En 1993, Patrick Ouart retrouve un poste important grâce à la nomination d'Edouard Balladur à Matignon : conseiller pour la Justice. A ce poste, il se fait remarquer comme conseiller sans concession qui ne transige pas sur les valeurs de la Justice. Il doit notamment travailler sur les dossiers de trois ministres mis en cause dans des scandales financiers : Gérard Longuet, Alain Carrignon et Michel Roussin, qui seront tous trois condamnés.
Au cabinet d'Edouard Balladur, Patrick Ouart se rapproche de Nicolas Sarkozy. Tous deux font partie de l'équipe chargée de la campagne présidentielle d'Edouard Balladur. Après l'échec cuisant du candidat face à Jacques Chirac, Patrick Ouart n'a plus rien à faire en politique.
Dans un premier temps, Patrick Ouart est secrétaire général de la Légion d'honneur. Ensuite, il décide de travailler pour Suez. Enfin, il entre dans l'industrie du luxe en tant que conseiller de Bernard Arnault et membre du comité exécutif de LVMH.
En 2004, Patrick Ouart est mis en examen en Belgique. Il occupe le poste de secrétaire général du groupe Suez. On découvre un mouchard sur l'ordinateur d'un employé d'Electrabel, filiale de Suez en Belgique. Une instruction judiciaire est ouverte prouvant que Suez a commandité des intrusions informatiques chez Electrabel dans le but d'espionner l'un de ses employés qui travaillerait pour une entreprise ennemie. Patrick Ouart est mis en cause pour avoir recruté trois personnes chargées de pirater l'ordinateur ce fameux cadre. Finalement, l'affaire est classée.
Malgré leur départ de Matignon et des carrières distinctes, Nicolas Sarkozy et Patrick Ouart ne se sont pas perdus de vue. Le soir de son élection, le nouveau président de la République téléphone aussitôt pour demander à Patrick Ouart de devenir son conseiller justice. Il ne lui laisse pas le choix. L'ancien conseiller d'Edouard Balladur ne peut refuser une telle opportunité.
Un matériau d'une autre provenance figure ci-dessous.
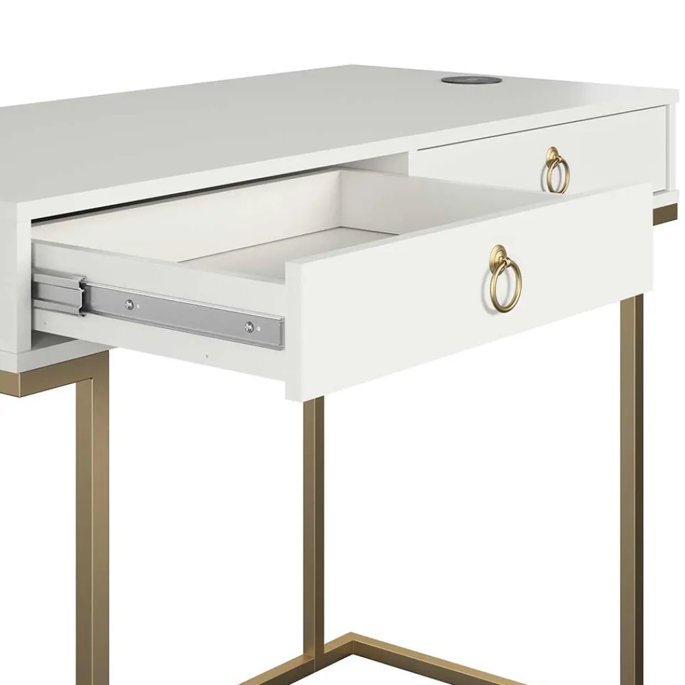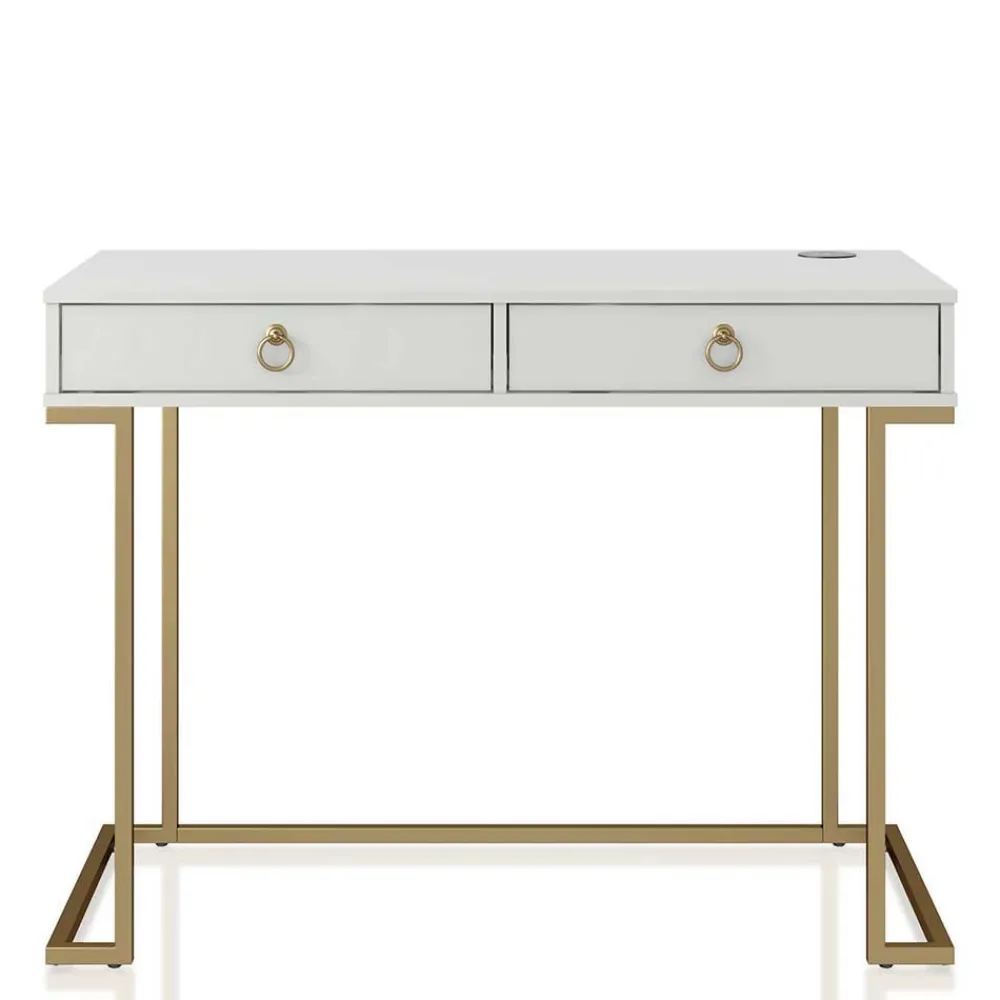 - Eleganter Schreibtisch in Weiß und Messingfarben
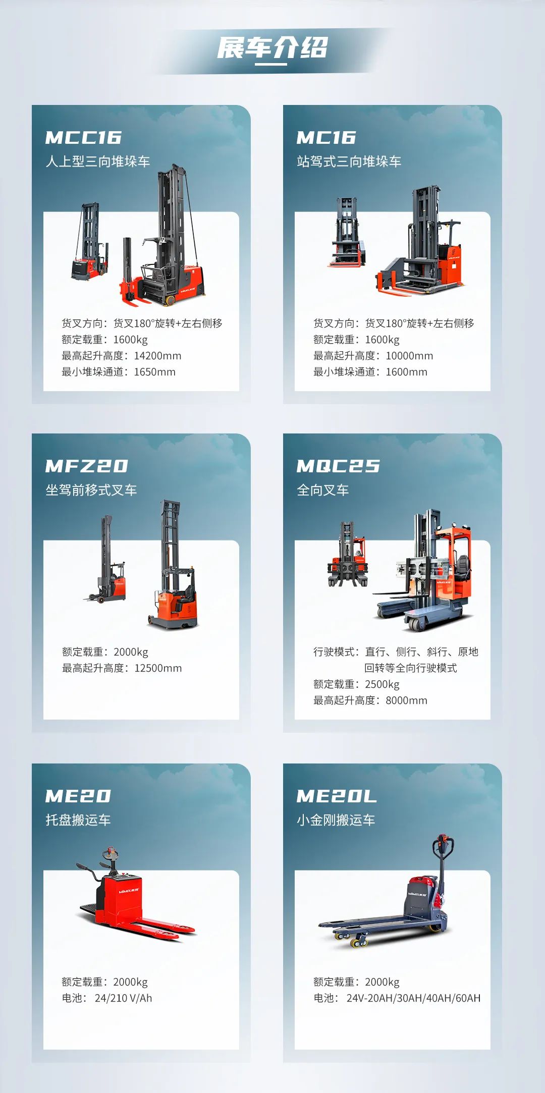 二十多年不斷進取, MIMA 品牌以公司強大的科研創(chuàng)新團隊為依托,以“安全、耐用、舒適、低碳(環(huán)保)”為設(shè)計理念,為客戶提供500KG —100000KG應(yīng)用解決方案、倉儲設(shè)備及 相關(guān)服務(wù)。 通過不斷的技術(shù)創(chuàng)新和專利積累,現(xiàn)在我們的產(chǎn)品已涉及12大類50多個品種,如電動托盤車搬運車、托盤堆垛車、前移式叉車、平衡重式叉車、牽引拖車、揀選車、窄巷道叉車、四向叉車、側(cè)面叉車和非常物流設(shè)備、AGV、無人巷道堆垛機等等。產(chǎn)品廣泛 應(yīng)用于醫(yī)藥、食品、化工、電子、機械、家具、物流等各個行業(yè)。

Discret avec les médias mais efficace, Patrick Ouart s'occupe de tous les dossiers ayant trait à la justice quitte à marcher sur les plates-bandes de la garde des Sceaux, Rachida Dati, qu'il ne peut supporter, pointant son incompétence.
Parce qu'il est beaucoup plus puissant et écouté que la ministre de la Justice, il met en place de nombreuses réformes. C'est lui, et non le cabinet de la garde des Sceaux, qui rédige le discours sur la disparition des juges d'instruction en janvier 2009 qui provoque de nombreuses polémiques : cette réforme priverait les magistrats de leur indépendance. C'est lui encore qui est chargé de nommer certains magistrats comme Gilbert Azibert au secrétariat général de la chancellerie ou François Falletti à la cour d'appel d'Aix-en-Provence.
Patrick Ouart, passionné de chasse et d'Histoire, souhaiterait retourner faire fortune dans le privé. Nicolas Sarkozy lui demande d'attendre la fin de l'année 2009.